-- YOUR OBJECTIVE --
Nothing but the lines from the top of the following entries through the line with "Helena Modjeska (Modrzejewska)" should be printed, exactly as they are.

-- AVAILABLE DATA --
···
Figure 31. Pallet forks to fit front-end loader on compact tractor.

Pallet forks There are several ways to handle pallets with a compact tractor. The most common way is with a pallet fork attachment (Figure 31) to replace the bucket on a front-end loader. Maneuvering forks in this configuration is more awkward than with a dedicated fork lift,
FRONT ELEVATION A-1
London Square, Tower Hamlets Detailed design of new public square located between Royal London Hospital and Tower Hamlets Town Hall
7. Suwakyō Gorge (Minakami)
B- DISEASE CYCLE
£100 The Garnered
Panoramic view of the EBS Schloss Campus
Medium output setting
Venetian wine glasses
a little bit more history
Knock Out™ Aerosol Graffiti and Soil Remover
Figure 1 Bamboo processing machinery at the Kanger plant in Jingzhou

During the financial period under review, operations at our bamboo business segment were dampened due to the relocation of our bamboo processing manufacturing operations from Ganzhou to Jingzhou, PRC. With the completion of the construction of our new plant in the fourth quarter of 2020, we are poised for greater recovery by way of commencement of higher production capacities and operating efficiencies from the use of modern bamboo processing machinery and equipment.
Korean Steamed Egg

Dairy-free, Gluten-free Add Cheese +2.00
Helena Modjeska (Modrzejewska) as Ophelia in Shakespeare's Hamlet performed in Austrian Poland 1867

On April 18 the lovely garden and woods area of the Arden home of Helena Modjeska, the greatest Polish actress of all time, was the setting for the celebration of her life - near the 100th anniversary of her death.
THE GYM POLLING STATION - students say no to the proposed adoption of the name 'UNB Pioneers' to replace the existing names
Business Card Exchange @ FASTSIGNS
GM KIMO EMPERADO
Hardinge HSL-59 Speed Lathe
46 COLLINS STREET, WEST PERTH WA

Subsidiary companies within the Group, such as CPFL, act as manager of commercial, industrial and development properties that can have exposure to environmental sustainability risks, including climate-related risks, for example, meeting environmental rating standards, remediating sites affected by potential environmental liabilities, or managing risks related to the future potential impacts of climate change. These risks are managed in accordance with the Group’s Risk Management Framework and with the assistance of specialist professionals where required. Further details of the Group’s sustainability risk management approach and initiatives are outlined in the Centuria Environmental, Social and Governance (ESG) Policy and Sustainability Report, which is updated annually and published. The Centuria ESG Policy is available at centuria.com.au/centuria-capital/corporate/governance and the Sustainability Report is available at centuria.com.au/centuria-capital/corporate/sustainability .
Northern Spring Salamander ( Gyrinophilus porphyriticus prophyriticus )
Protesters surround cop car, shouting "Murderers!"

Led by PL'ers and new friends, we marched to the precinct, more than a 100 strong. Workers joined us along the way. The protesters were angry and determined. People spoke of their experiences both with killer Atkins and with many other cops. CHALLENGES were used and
···
-- YOUR SOLUTION --
Figure 31. Pallet forks to fit front-end loader on compact tractor.

Pallet forks There are several ways to handle pallets with a compact tractor. The most common way is with a pallet fork attachment (Figure 31) to replace the bucket on a front-end loader. Maneuvering forks in this configuration is more awkward than with a dedicated fork lift,
FRONT ELEVATION A-1
London Square, Tower Hamlets Detailed design of new public square located between Royal London Hospital and Tower Hamlets Town Hall
7. Suwakyō Gorge (Minakami)
B- DISEASE CYCLE
£100 The Garnered
Panoramic view of the EBS Schloss Campus
Medium output setting
Venetian wine glasses
a little bit more history
Knock Out™ Aerosol Graffiti and Soil Remover
Figure 1 Bamboo processing machinery at the Kanger plant in Jingzhou

During the financial period under review, operations at our bamboo business segment were dampened due to the relocation of our bamboo processing manufacturing operations from Ganzhou to Jingzhou, PRC. With the completion of the construction of our new plant in the fourth quarter of 2020, we are poised for greater recovery by way of commencement of higher production capacities and operating efficiencies from the use of modern bamboo processing machinery and equipment.
Korean Steamed Egg

Dairy-free, Gluten-free Add Cheese +2.00
Helena Modjeska (Modrzejewska) as Ophelia in Shakespeare's Hamlet performed in Austrian Poland 1867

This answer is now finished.